Required work - Repeat the stretch of entries below from the line with "Presentes en la" through the line with "此次展览共展出2024级学生". Include both ends and add nothing.

*** Opening Information given ***

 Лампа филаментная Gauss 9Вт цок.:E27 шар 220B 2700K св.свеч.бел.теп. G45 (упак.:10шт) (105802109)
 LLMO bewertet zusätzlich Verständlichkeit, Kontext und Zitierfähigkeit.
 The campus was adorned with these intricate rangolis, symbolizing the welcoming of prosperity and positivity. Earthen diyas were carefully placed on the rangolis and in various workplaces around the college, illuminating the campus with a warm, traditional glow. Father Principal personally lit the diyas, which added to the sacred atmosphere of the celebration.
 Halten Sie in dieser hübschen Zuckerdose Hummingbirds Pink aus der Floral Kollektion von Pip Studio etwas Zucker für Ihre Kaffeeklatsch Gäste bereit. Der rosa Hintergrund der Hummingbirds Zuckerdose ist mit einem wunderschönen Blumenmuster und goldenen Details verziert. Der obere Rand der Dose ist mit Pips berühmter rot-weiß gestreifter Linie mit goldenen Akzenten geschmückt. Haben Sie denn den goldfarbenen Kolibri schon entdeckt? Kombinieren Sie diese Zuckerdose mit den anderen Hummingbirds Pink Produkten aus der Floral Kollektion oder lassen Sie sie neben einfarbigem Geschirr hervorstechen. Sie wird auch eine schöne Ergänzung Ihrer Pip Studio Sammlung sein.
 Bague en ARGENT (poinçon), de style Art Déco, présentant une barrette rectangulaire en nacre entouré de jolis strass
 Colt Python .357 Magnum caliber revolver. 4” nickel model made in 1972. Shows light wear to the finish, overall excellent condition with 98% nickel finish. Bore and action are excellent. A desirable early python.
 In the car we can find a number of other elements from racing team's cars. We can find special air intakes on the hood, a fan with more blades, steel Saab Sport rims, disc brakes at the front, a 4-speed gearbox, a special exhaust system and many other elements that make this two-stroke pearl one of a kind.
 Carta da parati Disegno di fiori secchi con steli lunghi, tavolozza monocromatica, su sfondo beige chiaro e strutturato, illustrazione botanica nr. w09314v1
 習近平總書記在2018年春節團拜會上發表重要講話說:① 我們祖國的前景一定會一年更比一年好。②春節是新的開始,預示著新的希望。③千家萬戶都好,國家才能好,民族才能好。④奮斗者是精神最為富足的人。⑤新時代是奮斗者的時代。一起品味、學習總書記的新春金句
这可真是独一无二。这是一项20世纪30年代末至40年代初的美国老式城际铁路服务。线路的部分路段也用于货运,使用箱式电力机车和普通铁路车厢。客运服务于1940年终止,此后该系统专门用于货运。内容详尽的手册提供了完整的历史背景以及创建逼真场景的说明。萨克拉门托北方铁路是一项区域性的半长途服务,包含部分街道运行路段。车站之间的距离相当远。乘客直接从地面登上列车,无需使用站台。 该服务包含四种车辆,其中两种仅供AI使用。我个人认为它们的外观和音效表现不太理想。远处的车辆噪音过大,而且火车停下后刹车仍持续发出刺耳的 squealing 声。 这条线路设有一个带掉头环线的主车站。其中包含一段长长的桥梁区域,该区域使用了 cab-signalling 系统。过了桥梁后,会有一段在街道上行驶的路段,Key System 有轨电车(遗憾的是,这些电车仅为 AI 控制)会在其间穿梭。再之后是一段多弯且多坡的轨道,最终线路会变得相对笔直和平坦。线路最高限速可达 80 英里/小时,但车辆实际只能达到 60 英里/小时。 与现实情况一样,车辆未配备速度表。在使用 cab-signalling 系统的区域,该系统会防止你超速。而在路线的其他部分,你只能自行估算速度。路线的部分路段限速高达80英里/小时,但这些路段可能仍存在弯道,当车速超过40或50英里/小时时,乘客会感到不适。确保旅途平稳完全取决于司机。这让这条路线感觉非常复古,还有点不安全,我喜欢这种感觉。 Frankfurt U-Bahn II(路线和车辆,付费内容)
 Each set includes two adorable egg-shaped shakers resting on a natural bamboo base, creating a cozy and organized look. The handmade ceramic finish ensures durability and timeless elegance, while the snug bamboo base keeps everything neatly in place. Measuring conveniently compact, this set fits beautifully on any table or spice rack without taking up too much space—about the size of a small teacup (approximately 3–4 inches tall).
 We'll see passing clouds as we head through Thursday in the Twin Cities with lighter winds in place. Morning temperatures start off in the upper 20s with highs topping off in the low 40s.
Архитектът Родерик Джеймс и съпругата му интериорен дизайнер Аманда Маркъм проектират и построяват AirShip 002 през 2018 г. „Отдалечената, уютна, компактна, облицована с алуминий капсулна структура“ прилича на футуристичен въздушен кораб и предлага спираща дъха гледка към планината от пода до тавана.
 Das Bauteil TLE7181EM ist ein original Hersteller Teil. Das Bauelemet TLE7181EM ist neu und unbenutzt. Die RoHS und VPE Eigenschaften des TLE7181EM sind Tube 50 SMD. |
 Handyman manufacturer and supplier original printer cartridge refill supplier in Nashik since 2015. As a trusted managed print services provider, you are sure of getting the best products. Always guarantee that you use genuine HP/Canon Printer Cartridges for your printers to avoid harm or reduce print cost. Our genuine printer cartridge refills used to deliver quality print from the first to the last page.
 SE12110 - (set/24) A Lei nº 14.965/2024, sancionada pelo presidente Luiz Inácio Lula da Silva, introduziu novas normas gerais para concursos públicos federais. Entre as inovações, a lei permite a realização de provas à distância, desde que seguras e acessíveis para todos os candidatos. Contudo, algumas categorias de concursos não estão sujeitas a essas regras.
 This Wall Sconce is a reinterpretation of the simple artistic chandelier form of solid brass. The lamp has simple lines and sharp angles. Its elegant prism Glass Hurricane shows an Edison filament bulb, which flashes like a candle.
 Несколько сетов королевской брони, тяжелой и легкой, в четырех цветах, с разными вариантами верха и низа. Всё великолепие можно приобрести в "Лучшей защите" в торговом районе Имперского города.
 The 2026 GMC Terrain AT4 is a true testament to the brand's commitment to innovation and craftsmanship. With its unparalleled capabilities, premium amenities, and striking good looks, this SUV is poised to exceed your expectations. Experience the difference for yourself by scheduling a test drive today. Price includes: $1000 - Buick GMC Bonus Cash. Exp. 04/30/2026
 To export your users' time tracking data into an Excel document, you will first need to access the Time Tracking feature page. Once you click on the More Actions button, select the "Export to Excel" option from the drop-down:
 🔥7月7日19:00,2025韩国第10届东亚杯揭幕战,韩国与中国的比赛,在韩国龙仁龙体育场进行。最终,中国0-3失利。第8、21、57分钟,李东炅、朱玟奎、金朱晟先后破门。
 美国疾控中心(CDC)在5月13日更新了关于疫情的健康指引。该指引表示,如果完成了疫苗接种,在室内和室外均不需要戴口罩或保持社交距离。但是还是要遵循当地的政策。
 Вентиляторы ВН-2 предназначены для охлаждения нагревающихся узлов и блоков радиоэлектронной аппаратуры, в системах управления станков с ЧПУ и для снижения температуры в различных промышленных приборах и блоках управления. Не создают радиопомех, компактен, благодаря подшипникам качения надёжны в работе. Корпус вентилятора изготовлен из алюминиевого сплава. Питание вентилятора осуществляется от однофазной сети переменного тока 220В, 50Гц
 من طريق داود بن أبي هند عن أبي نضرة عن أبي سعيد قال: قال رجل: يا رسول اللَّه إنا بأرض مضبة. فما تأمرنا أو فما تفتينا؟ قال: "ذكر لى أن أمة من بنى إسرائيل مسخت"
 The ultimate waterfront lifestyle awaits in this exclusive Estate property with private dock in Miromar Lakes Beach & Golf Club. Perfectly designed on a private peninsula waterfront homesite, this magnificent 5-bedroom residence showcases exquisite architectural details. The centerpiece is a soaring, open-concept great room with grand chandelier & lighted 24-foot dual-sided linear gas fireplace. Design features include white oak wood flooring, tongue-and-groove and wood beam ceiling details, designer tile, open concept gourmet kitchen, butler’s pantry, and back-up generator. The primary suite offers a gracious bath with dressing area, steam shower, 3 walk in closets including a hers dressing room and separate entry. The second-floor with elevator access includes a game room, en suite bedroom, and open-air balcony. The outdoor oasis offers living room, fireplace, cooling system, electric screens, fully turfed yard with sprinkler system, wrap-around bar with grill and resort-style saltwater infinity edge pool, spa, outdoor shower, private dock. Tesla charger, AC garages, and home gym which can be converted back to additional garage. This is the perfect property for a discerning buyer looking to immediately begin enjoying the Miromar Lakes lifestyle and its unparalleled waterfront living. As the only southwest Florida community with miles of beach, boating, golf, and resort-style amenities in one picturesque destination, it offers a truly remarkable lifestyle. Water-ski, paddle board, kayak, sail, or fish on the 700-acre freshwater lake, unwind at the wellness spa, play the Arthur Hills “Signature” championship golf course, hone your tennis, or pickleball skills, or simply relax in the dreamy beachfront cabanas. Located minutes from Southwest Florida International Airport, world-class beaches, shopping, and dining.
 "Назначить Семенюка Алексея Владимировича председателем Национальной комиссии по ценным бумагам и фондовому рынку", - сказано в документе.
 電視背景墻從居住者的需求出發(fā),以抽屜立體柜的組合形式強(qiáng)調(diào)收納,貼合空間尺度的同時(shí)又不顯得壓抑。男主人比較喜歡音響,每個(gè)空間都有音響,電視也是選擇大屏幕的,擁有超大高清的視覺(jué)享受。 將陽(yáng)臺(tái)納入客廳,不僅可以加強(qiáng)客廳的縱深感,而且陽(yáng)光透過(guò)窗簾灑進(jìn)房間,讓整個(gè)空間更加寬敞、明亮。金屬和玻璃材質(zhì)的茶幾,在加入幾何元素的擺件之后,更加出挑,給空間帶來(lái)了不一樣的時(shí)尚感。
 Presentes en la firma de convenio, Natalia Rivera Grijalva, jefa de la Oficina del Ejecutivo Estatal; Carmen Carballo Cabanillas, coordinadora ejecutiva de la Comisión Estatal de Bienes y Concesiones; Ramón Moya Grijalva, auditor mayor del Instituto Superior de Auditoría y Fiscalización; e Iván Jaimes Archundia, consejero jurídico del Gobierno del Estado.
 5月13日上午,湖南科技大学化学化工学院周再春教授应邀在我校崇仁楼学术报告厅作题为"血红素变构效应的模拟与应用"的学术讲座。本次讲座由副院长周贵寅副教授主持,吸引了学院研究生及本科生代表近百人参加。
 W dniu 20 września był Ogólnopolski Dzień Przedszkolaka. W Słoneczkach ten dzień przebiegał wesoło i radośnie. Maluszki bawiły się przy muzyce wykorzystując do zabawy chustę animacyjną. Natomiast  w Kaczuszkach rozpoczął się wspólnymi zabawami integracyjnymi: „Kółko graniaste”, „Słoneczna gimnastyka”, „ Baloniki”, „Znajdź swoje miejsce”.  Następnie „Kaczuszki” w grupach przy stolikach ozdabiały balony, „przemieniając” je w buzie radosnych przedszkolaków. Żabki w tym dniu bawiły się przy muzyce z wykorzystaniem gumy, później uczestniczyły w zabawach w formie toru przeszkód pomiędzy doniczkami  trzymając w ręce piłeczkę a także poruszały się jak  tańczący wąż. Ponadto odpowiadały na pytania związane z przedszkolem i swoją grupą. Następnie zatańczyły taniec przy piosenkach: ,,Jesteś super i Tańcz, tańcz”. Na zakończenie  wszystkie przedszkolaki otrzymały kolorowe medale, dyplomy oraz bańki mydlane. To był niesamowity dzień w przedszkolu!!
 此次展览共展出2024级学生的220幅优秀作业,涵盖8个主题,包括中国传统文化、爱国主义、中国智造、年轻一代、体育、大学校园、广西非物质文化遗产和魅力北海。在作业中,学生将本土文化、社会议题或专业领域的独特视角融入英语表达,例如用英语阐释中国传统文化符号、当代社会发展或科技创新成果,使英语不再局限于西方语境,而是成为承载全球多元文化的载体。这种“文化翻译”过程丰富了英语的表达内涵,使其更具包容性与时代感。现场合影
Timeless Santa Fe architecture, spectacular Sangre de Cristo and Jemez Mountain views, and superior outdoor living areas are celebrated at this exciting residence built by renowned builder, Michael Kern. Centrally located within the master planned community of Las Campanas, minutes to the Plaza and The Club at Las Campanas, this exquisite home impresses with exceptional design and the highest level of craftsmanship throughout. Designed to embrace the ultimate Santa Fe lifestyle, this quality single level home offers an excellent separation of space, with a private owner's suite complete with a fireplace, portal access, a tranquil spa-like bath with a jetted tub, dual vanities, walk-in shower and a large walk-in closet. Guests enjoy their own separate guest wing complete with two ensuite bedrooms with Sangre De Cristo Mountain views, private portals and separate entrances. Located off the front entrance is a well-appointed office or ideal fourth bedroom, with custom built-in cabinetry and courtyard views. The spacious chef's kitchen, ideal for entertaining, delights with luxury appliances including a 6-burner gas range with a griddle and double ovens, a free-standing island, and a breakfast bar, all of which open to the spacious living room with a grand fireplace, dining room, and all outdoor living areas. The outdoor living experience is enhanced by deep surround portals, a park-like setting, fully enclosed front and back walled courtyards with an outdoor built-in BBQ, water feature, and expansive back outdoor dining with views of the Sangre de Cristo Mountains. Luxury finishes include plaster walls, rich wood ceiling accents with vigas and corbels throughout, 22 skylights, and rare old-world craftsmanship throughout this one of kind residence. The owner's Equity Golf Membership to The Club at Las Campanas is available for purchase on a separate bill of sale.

*** Closing Information given ***

Task solution -
 Presentes en la firma de convenio, Natalia Rivera Grijalva, jefa de la Oficina del Ejecutivo Estatal; Carmen Carballo Cabanillas, coordinadora ejecutiva de la Comisión Estatal de Bienes y Concesiones; Ramón Moya Grijalva, auditor mayor del Instituto Superior de Auditoría y Fiscalización; e Iván Jaimes Archundia, consejero jurídico del Gobierno del Estado.
 5月13日上午,湖南科技大学化学化工学院周再春教授应邀在我校崇仁楼学术报告厅作题为"血红素变构效应的模拟与应用"的学术讲座。本次讲座由副院长周贵寅副教授主持,吸引了学院研究生及本科生代表近百人参加。
 W dniu 20 września był Ogólnopolski Dzień Przedszkolaka. W Słoneczkach ten dzień przebiegał wesoło i radośnie. Maluszki bawiły się przy muzyce wykorzystując do zabawy chustę animacyjną. Natomiast  w Kaczuszkach rozpoczął się wspólnymi zabawami integracyjnymi: „Kółko graniaste”, „Słoneczna gimnastyka”, „ Baloniki”, „Znajdź swoje miejsce”.  Następnie „Kaczuszki” w grupach przy stolikach ozdabiały balony, „przemieniając” je w buzie radosnych przedszkolaków. Żabki w tym dniu bawiły się przy muzyce z wykorzystaniem gumy, później uczestniczyły w zabawach w formie toru przeszkód pomiędzy doniczkami  trzymając w ręce piłeczkę a także poruszały się jak  tańczący wąż. Ponadto odpowiadały na pytania związane z przedszkolem i swoją grupą. Następnie zatańczyły taniec przy piosenkach: ,,Jesteś super i Tańcz, tańcz”. Na zakończenie  wszystkie przedszkolaki otrzymały kolorowe medale, dyplomy oraz bańki mydlane. To był niesamowity dzień w przedszkolu!!
 此次展览共展出2024级学生的220幅优秀作业,涵盖8个主题,包括中国传统文化、爱国主义、中国智造、年轻一代、体育、大学校园、广西非物质文化遗产和魅力北海。在作业中,学生将本土文化、社会议题或专业领域的独特视角融入英语表达,例如用英语阐释中国传统文化符号、当代社会发展或科技创新成果,使英语不再局限于西方语境,而是成为承载全球多元文化的载体。这种“文化翻译”过程丰富了英语的表达内涵,使其更具包容性与时代感。现场合影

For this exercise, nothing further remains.